MMCTNet: Multi-Modal Conv-Transformer Network for Predicting Good and Poor Outcomes in Cardiac Arrest Patients

Xiuli Bi1, Shizhan Tang1, Zonglin Yang1, Xin Deng1, Bin Xiao1, Pietro LiĆ²2
1Chongqing Key Laboratory of Image Cognition, Chongqing University of Posts andTelecommunications,Chongqing 400065, China, 2the Department of Computer Science and Technology, University of Cambridge, U.K.


Abstract

Objective: Electroencephalography (EEG) has been demonstrated to be a valuable tool for predicting neurological outcomes after cardiac arrest. However its complexity limits timely interpretation. In consequently, we propose a Multi-Modal Conv-Transformer network to accurately and timely assess probability of coma recovery with complex EEG.

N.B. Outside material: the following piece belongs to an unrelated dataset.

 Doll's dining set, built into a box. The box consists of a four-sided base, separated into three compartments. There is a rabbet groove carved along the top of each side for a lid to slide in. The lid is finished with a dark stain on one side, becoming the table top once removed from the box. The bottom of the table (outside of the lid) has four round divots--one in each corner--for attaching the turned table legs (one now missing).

Method: Our proposed method is divided into two parts: In pre-processing part, we selected the most recent EEG for 12, 24, 48, and 72 h from each patient. The EEG was segmented into 10-second equal-length slices and filtered using a 5th-order Butterworth bandpass filter (0.5-30 Hz). Then, the time-frequency spectrograms of each channel of EEG as a kind of modal input to the network, were extracted by short-time Fourier transform (STFT). The second part, feature extraction and prediction, is performed by the network model we built. The network is a two-branch structure. In the branch with 1-D signal as input, we used the large kernel convolution structure to extract the spatial-correlation between different polar associations of EEG; in the branch with spectrogram as input, we use the module before the classification layer of ResNet18 as a feature extractor to obtain the spectrogram features. The features output from the two branches are connected and input to the Transformer. By Transformer encoder module captures the long-term dependencies of the EEG signal, allowing the network to learn time-correlation features of the input EEG. Finally the features were input the fully connected layers to predict the results.

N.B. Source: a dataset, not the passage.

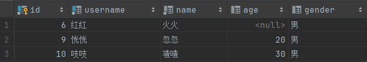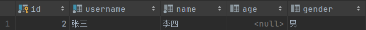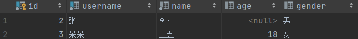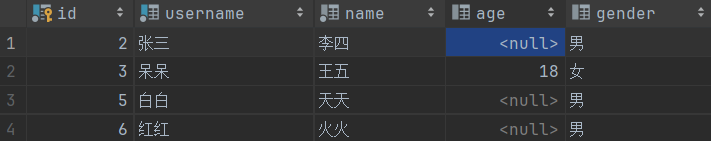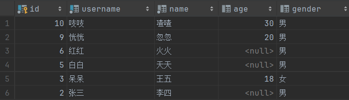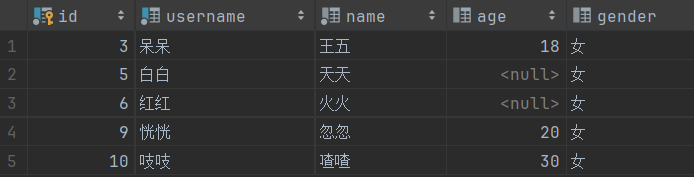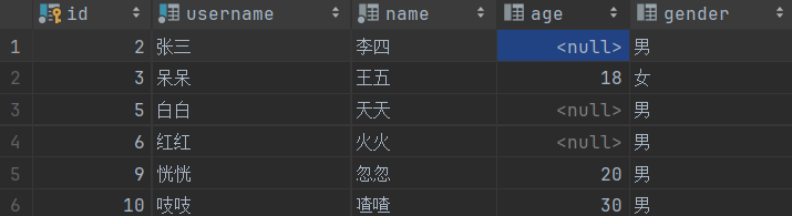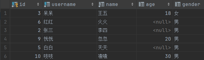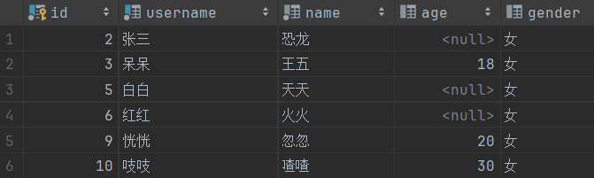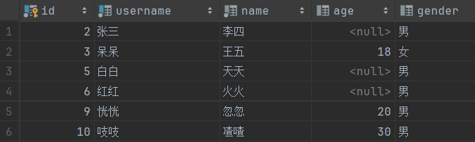 -- 基本查询:查询表中全部数据 select id, username, name, age, gender from tb_user; -- 也可以用 * 来替代 id, username, name, age, gender select * from tb_user;该操作结果为:

Results: Our (CQUPT_FP_mana) method was evaluated using the challenge validation dataset, and we obtained the best challenge metric score of 0.21, 0.30, 0.42, 0.48 corresponding to 12 h, 24 h, 48 h and 72 h in the unofficial stage. Scores of 0.26, 0.40, 0.49 and 0.59 were obtained in local ten-fold cross-validation using only the open challenge training set corresponding to different times.